The script generates an ffconcat file, validates timing continuity, and calls ffmpeg to encode the final mp4.

Verify and iterate.
- Check output duration with ffprobe.
- If a slide cuts too early or too late, edit only the affected rows in slide_timings.csv and rerun the render script.
- Keep the transcript, outline, and timing CSV as reproducible working files.

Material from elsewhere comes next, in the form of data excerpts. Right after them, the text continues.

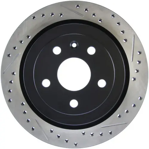 StopTech recognizes that great brakes need to look as good as they perform. Performance wheels and tires are best complemented with StopTech SportStop Cross-Drilled & Slotted rotors.SportStop Drilled & Slotted brake rotors prevent glazing of the pads, add bite and improve wet and dry braking performance.Every SportStop Drilled & Slotted brake rotor is produced from a high quality Centric Parts blank casting and finished in a durable e-coating for corrosion resistance.SportStop Drilled & Slotted rotors look great behind custom wheels, improve the initial bite of the brake pads, and help wipe away the debris that forms between the pad and the disc. A set of SportStop cross-Drilled & Slotted rear replacement rotors is a great way to match the aesthetics of a StopTech Big Brake Kit with the cross-Drilled & Slotted rotor option. *E-Coated Finish*Every SportStop rotor is finished with black e-coating on both sides of the hat, inside the the cooling vanes, and on the outside edge. E-coating is a superior electro-statically applied finish designed to withstand 400 hours of salt water exposure without rusting. This is especially important on both mounting faces of the hat where it touches the hub flange and back face of the wheel. Any accumulation of rust in these area can lead to installed lateral run out issues.*Power Alloy Metallurgy*Power Alloy metallurgy is exclusive feature of SportStop rotors. In specific vehicle applications, StopTech works with foundry partners to increase the molybdenum or carbon content of the castings, and to carefully control the cooling rate during production to reach targets for hardness and tensile strength.*Cooling Vane Design*Nearly all SportStop Cross-Drilled & Slotted rotors have unique Drilled & Slotted hole patterns for the left and right sides of the vehicle. For these directional patterns, straight vane or pillar vane rotors are used to ensure that a Drilled & Slotted hole never touches a cooling vane.
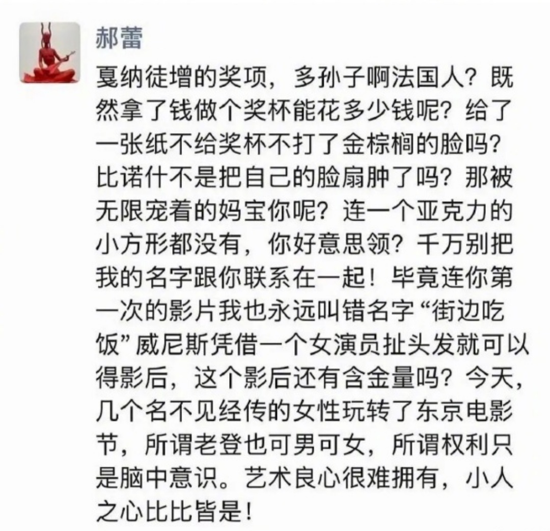 11月7日,一張網傳為郝蕾朋友圈的截圖,引爆“獎項運作”傳聞。
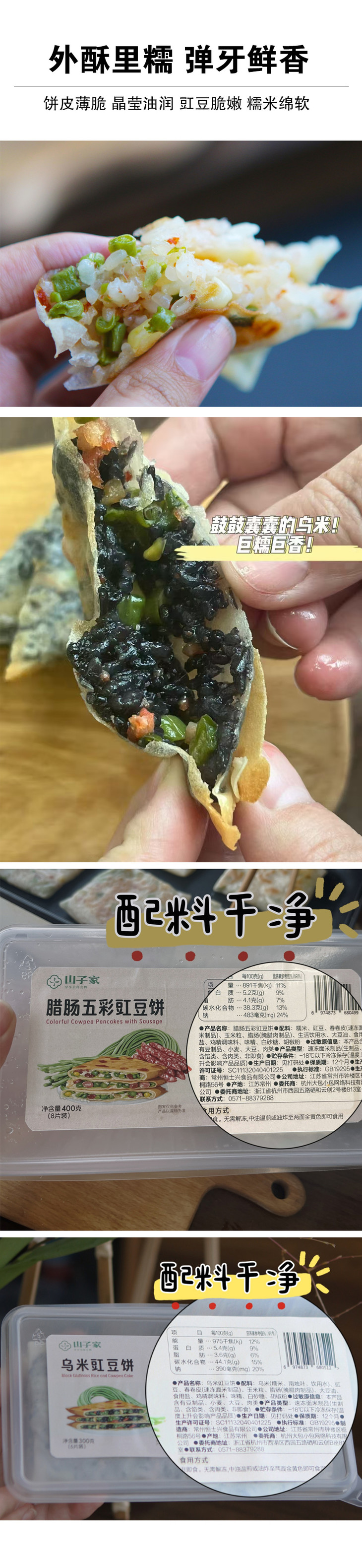 【品名】五彩腊肠豇豆饼、乌米豇豆饼【规格】五彩腊肠豇豆饼400g/盒(8个装)乌米豇豆饼300g/盒(6个装)【配料】五彩腊肠豇豆饼:糯米、豇豆、春卷皮、玉米粒、腊肠、大豆油、食用盐、鸡精调味料、味精、白砂糖、胡椒粉。乌米豇豆饼:乌米(糯米、南烛叶、饮用水)、豇豆、春卷皮、玉米粒、腊肠、大豆油、食用盐、鸡精调味料、味精、白砂糖、胡椒粉。【保质期】12个月【储存方式】零下18度冷冻保存【发货时效】48小时【发货快递】顺丰【产地】江苏常州【发货地】浙江杭州【不发货地区】新疆、西藏、海南、云南及港澳台【需加运费地区】黑龙江、吉林、内蒙、宁夏、甘肃、青海+15元运费【售后标准】本产品属于冷冻品,在发货后不支持修改地址、退款与拒收,因此产生的损失由买家承担责任。如遇到产品质量问题,请在收货当天联系客服,并提供面单和产品破损照片,申请售后处理。
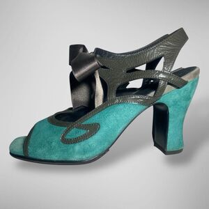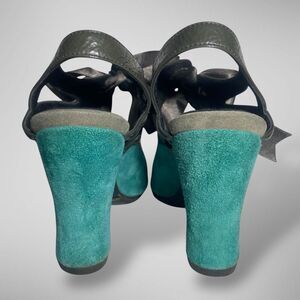 JOHN FLUEVOG Miracles Fatima Open toe Pump Heels Shoes Women Sz 7 Turquoise Grey
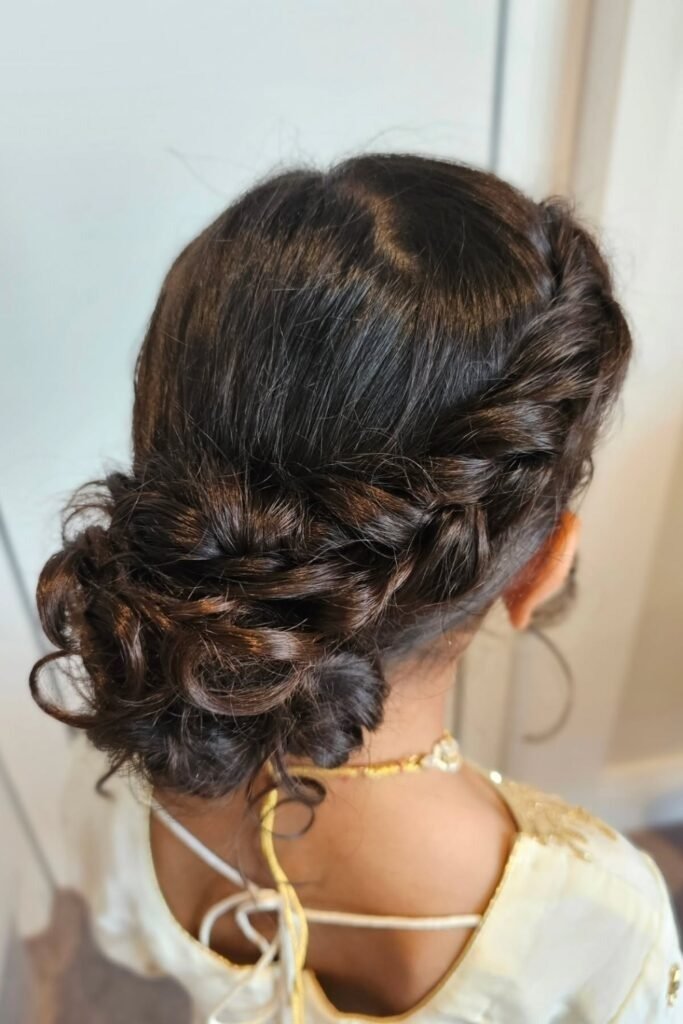 It is perfect for weddings and temple events. The hairstyle feels festive without needing heavy styling.
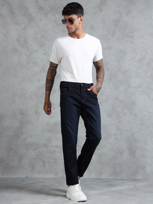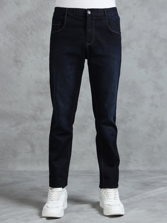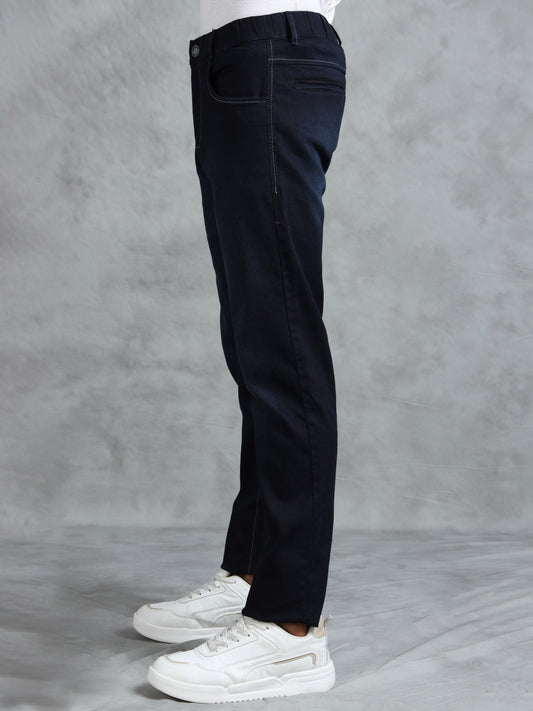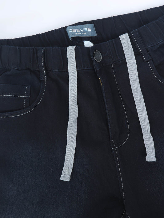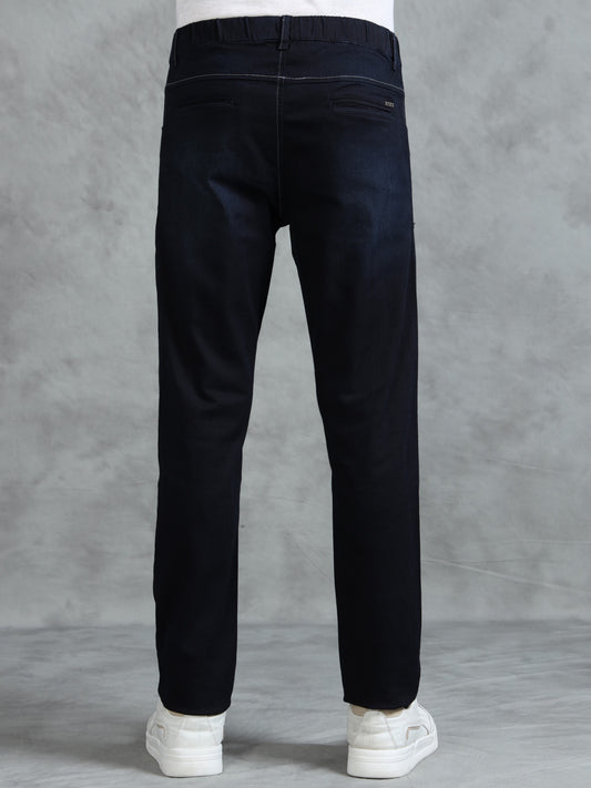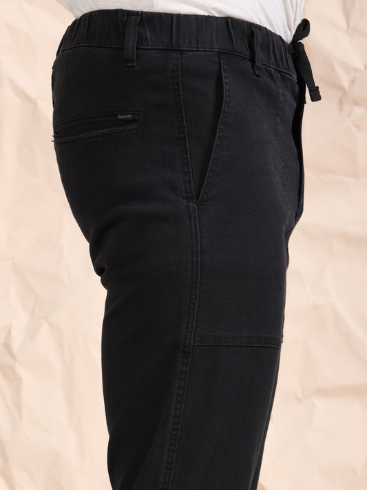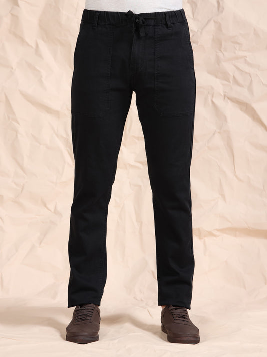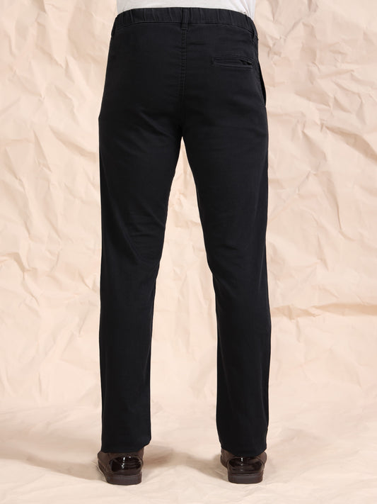 Black Denim Cotton Blend Solid Mid Rise Pyjama

Heuristics for timing alignment

Use section-divider slides briefly. These slides usually hold for 5-20 seconds.
Use the first segment that clearly switches topic as the next slide start.
Prefer exact topic transitions over title-word matching. ASR often distorts proper nouns and product names.
Let the model infer timings, but keep the render step deterministic through slide_timings.csv.
When confidence is low, produce a first-cut video and tell the user which slide boundaries likely need review.

Common commands

Install dependencies on macOS if missing:

brew install ffmpeg poppler whisper-cpp

Typical multilingual model download:

mkdir -p .models
curl -L 'https://huggingface.co/ggerganov/whisper.cpp/resolve/main/ggml-small.bin' -o .models/ggml-small.bin

Bundled scripts

scripts/extract_slide_outline.py Extract slide text from pptx into CSV or JSON for timing analysis.
scripts/render_from_timing_csv.py Validate a timing CSV, generate an ffconcat, and render the final video with ffmpeg.